## Task objective
A faithful copy is needed of the lines below from the one with "Leather Shoe Brush" up to and including the one with "当研究所のビルの駐車場の天井にツバメの巣があることを発見。"; set it down with no pictures and no other lines.

## Recorded data

# # # # # # #

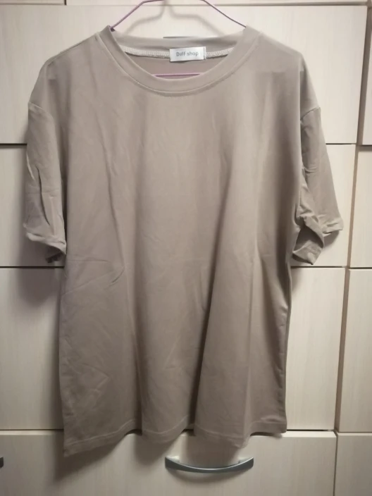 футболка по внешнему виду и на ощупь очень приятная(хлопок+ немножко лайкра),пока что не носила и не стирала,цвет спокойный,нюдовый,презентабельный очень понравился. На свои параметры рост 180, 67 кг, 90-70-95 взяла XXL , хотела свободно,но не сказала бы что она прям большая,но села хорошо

# # # # # # #

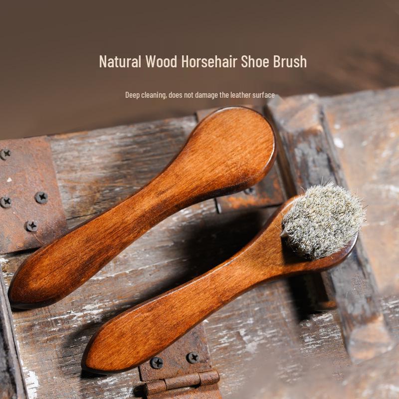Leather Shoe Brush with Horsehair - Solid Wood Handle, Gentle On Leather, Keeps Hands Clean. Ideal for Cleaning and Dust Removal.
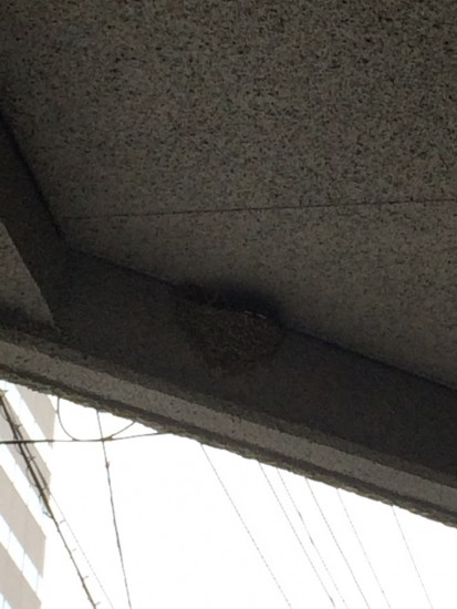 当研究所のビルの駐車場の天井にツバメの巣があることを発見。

# # # # # # #

## Answer for this exercise
Leather Shoe Brush with Horsehair - Solid Wood Handle, Gentle On Leather, Keeps Hands Clean. Ideal for Cleaning and Dust Removal.
 当研究所のビルの駐車場の天井にツバメの巣があることを発見。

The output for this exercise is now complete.